In the 1960s, The Ferus Gallery in Los Angeles was the port-of-call for all burgeoning collectors on the West Coast. The gallery championed the careers of artists such as Andy Warhol, Ed Ruscha and Roy Lichtenstein, to name a few. Legendary dealer Irving Blum was at the helm of the Ferus Gallery when Sleeping Girl was purchased by the Gershes. At the time, works by Lichtenstein were rare and highly sought-after and he recalled that “Bea fought like a lioness for that painting.”
This transformation of mass-produced commercial images into the realm of Fine Art is unequivocally one of the most important principles of 20th century art practice, and Sleeping Girl is its crowning achievement. Sleeping Girl is the highpoint of Lichtenstein’s most acclaimed and sustained body of work, painted between 1961 and 1965, and stands out as the clear masterpiece among the single-figure, square-format paintings of women from 1964,
with a perfect harmony of size, composition and color.
From the Old Masters to Brancusi and Picasso, the sleeping female muse has been celebrated in the visual arts and Lichtenstein’s romantic cartoon paintings make a compelling and dynamic contribution to that long tradition. Like Picasso, Lichtenstein was fascinated by women but in contrast to the modern master, works like Sleeping Girl are a vehicle for his innovation and contribution to 20th century art history, rather than homage to specific women.

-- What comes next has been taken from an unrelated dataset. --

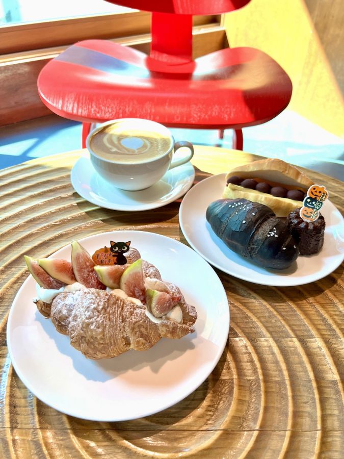 建物だけに目がいってしまいがちですが、カフェにあるパンやドリンクも丁寧にこだわって作っていておいしいと評判。特に人気なのは、「防弾塩パン(バンタンソグムパン)」2000ウォンで、こちらはイカ墨を使ったブラック塩パン。地下1階に練習室があったとお伝えしましたが、この練習室が壁、床、ステレオなどオールブラックのインテリアだったそうで、それにちなんで“BTSのパン”として黒を使ったものを作りたい!というアイデアから生まれたんだそう。写真は手前から「季節のフルーツ生クリームクロワッサン」7800ウォン、「防弾塩パン」2000ウォン、「クラシックカヌレ」3000ウォン、「餡バター塩パン」3800ウォン、奥は「カフェラテ」5800ウォン。

A number of additional works collected by the Gershes will also be offered in upcoming auctions at Sotheby’s this season. Among them are a group of Contemporary works by artists including Mark di Suvero, Susan Rothenberg, Tony Cragg and Kiki Smith, some of which were exhibited alongside Lichtenstein’s Sleeping Girl in the 1989/90 MOCA exhibition, Selections from the Beatrice and Philip Gersh Collection. The offerings this spring will also include American Indian and African Works of Art. Further details will be available in the coming months.